Indian business mogul Gautam Adani, the university dropout turned billionaire, became the wealthiest person in Asia through the success of his Adani Group.
But the conglomerate, whose operations span commodities trading, ports and energy, was last week rocked by a damning report by short-seller Hindenburg Research.
After a two-year investigation, New York-based Hindenburg accused it of ‘pulling the largest con in corporate history’ – claims that sent shares across the Adani Group into free fall.
The ten listed companies controlled by the conglomerate plunged almost 50 per cent on the stock market in Mumbai.
Short-seller attack: Indian business mogul Gautam Adani (pictured), has seen more than $100bn wiped off the value of his business empire in just over a week
That has wiped a total of $108billion – or £88billion – off the value of the conglomerate since the attack on January 24.
Adani, who last year became the world’s second-richest man with a £120billion fortune, has seen his own personal wealth fall by close to £50billion.
The 60-year-old married father of two broke his silence yesterday, insisting: ‘Our balance sheet is healthy and assets robust.’ But he faces an uphill struggle to turn the situation around.
In its devastating report, Hindenburg accused the Adani Group of stock price manipulation and accounting fraud.
The report highlighted alleged improper use of offshore tax havens, as well as sounding alarm bells over high debt and the valuations of the public companies.
The group has slammed the report as ‘a malicious combination of selective misinformation and stale, baseless and discredited allegations’.
It lambasted the research firm as launching a ‘calculated attack on India’ and said the report’s conclusions emanated from an ignorance of Indian law.
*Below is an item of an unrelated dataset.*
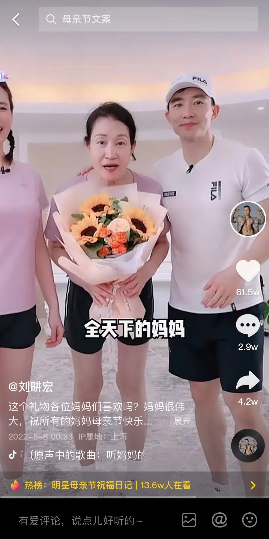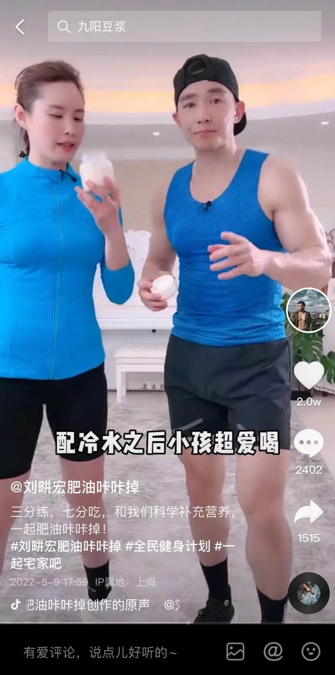 另一份合作是品牌代言。5月8日母亲节当天,@九阳豆浆 官宣刘畊宏为品牌代言人。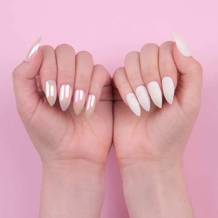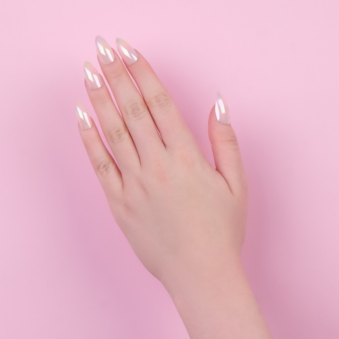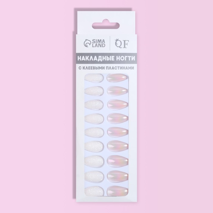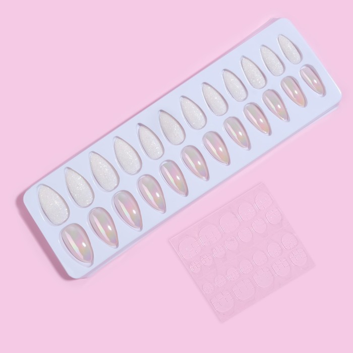 Накладные ногти, 24 шт., с клеевыми пластинами, форма миндаль, с блёстками, голографические, белые 9 фото

However, its 413-page rebuttal did not soothe investors’ nerves, and the Adani Group yesterday abandoned a £2billion fundraising designed to shore up the conglomerate.
It marked a humiliating U-turn after it had attracted strong support from investors for the share sale.
The group said the £2billion raised from India’s largest ever secondary share offering would be returned to investors.
Mr Adani said: ‘Given these extraordinary circumstances, the company’s board felt that going ahead with the issue will not be morally correct. For me, the interest of my investors is paramount and everything else is secondary.
‘Hence to insulate the investors from potential losses, we have withdrawn the sale.’
He said the setback will ‘not have any impact on our existing operations and future plans’.
Regulators are now poring over the chaos with the Securities and Exchange Board of India probing the stock market rout.
India’s central bank has asked local lenders about their links to the conglomerate, estimating banks were exposed to around 40 per cent of £20billion group debt.
Both Adani and Hindenburg have stuck to their guns, meaning ‘battle lines are now drawn’, according to Russ Mould, investment director at AJ Bell.
‘Whoever loses is going to get hurt and right now the share price collapse and multi-billion decline in stock market valuations means it is Adani and its controlling family that is currently on the back foot,’ the analyst said.